Key Words: Carcass • Growth • Pigs • Transgenic Corn
Introduction
Genetically enhanced crops offer producers a wide variety of agronomic benefits. For example, the use of herbicide-tolerant corn, such as Roundup Ready, provides the crop producer with flexible and broad-spectrum postemergent weed control options. Glyphosate, which is the active ingredient in the herbicide Roundup, is one of the most widely used herbicides (Sidhu et al., 2000
). Roundup Ready corn (event GA21) was developed to be tolerant to glyphosate by the insertion of a single protein, the modified maize enzyme 5-enolpyruvylshikimate-3-phosphate synthase (mEPSPS). Subsequently, a second-generation Roundup Ready corn (containing event nk603) has been developed. This corn expresses CP4 EPSPS protein, which is derived from Agrobacterium sp. (Strain CP4). Both EPSPS and CP4 EPSPS proteins are functionally similar to wild-type plant EPSPS enzymes except for a much-reduced affinity for glyphosate (LeBrun et al., 1997). Previous research has demonstrated Roundup Ready corn to be substantially equivalent in nutrient composition to the genetically related nontransgenic corn (Stanisiewski et al., 2001; Taylor et al., 2001).

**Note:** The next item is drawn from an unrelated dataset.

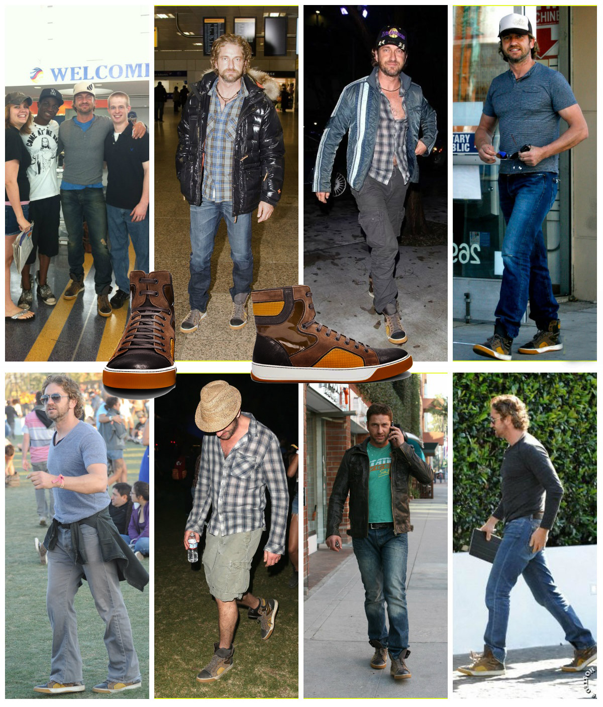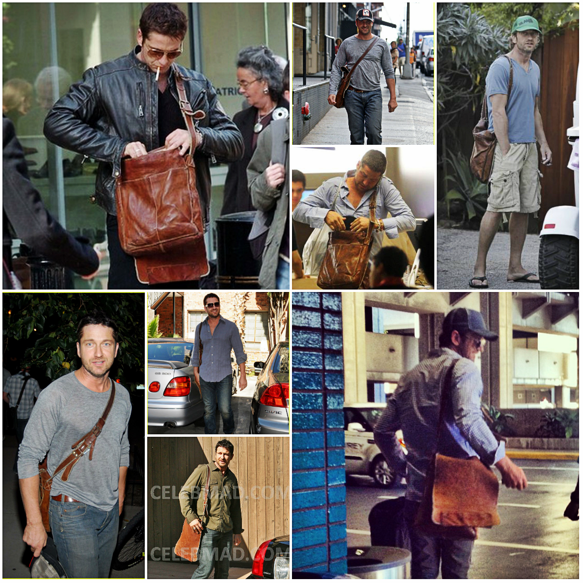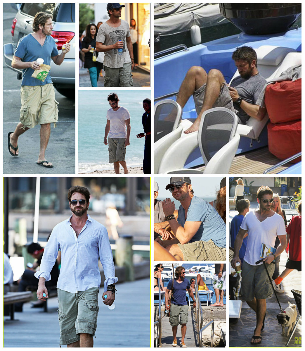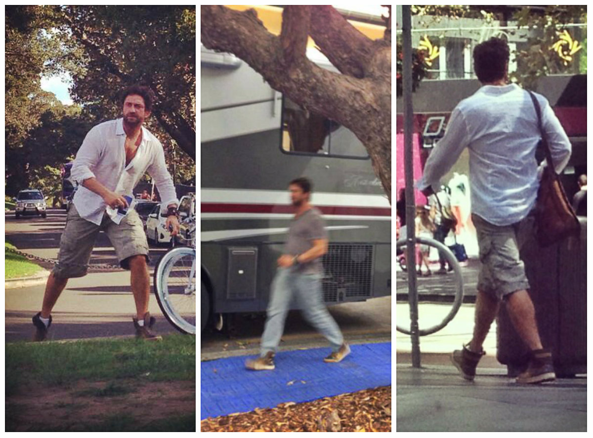 Среди прочего, приоритет можно смело отдать кожаной сумке. Мы не знаем точно дату приобретения, но уже в октябре 2006 года, эта сумка, а вернее, сума переметная уже мертвой хваткой вцепилась в крепкое плечо Батлера. И вот уже на протяжении многих лет редко какая соперница на короткое вырывает это первенство. Старую любовь не забыть! Эта сумка знает все тайны своего хозяина. Чего только не хранила она в своем чреве! Можете домысливать и сочинять что угодно, но тайну она не раскроет никогда, даже под страхом смерти. И тайна эта умрет вместе с ней, хотя она-то как раз умирать не собирается и несмотря на потрепанный внешний вид, выглядит вполне еще ОГО-ГО!!! Доказательство этому прибытие Ее Величества(сумки) в Сидней в марте этого года. Разве какая-то рухлядь смогла бы преодолеть такое расстояние? Ответ легко и непринужденно напрашивается сам собой. Конечно, нет. Поэтому приготовимся любоваться ей еще долгие и долгие лета. Тем более, что рядом такой преданный человек- Джерри Батлер, а рядом с таким хозяином — красивым, сильным, надежным годы не ощущаются вовсе. "Люди привыкают к определённым вещам, привязываются к ним, как к домашним питомцам, любят их не только за удобство использования, но порой и за то, что данная вещь стала свидетелем того или иного радостного события или, напротив, трудного периода в их жизни, который, к счастью благополучно завершился." На этом наши расследования не заканчиваются. И мы плавно (или не очень) переходим к любимым шортам Джерри (подобного стиля он придерживается с 2010 года). Казалось бы, а с ними -то что? Ведь любой человек, прилетев в любую точку мира может без проблем купить за копейки этот предмет гардероба… Да, может, но не Джерри. И скорее всего не из-за того, что финансы не позволяют. Вернее, может и покупает, разные там экземпляры … Но эти! Эти — незаменимы! Потому что, как поется в известной песне, «не отрекаются любя». И эти шорты повсюду слепо следуют за хозяином. И одновременно привлекают взгляды и хранят самое святое. Иногда любимые вещи встречаются и играют как бы в одном кино, а режиссер их жизни и ролей — Джерри Батлер. Так же с 2010 года на актере можно наблюдать не менее любимые шорты цвета хаки. Мельком пробежим по футболкам. Пляжи, пробежки и встречи. Разнообразные амплуа делают их незаменимыми. Например, с того же 2010 года Джерри частенько прогуливался в серой футболке »Сolorado», в которой впервые был замечен на карнавале в Бразилии С сентября 2008 года незаменимым атрибутом гардероба Джерарда Батлера стала белая рубашка в полоску.

Because finishing pigs consume large quantities of corn, research was conducted to determine whether pigs fed diets containing a Roundup Ready corn (event nk603) and conventional (nontransgenic) corn have similar performance. Therefore, the objective of this research was to compare growth performance and carcass quality of growing-finishing pigs fed diets containing either Roundup Ready corn with event nk603, a nontransgenic genetically similar control corn (RX670), or two conventional nontransgenic hybrids (RX740 and DK647).
Materials and Methods
This research consisted of two experiments, with Study 1 being carried out at the University of Nebraska (Lincoln) and Study 2 at the University of Illinois (Urbana). Similar experimental designs and approaches were used at both locations. Experimental protocols were approved by the respective institutional animal care and use committees before the start of the studies.
Animals and Treatments
In Study 1, 144 crossbred (Danbred x [Danbred x NE White line]) pigs (equal numbers of barrows and gilts) with an initial BW of 22.6 ± 0.25 kg were used, and in Study 2, 160 PIC (337 sires x C22 dams) pigs (equal numbers of barrows and gilts) with an initial BW of 29.9 ± 0.54 kg were used.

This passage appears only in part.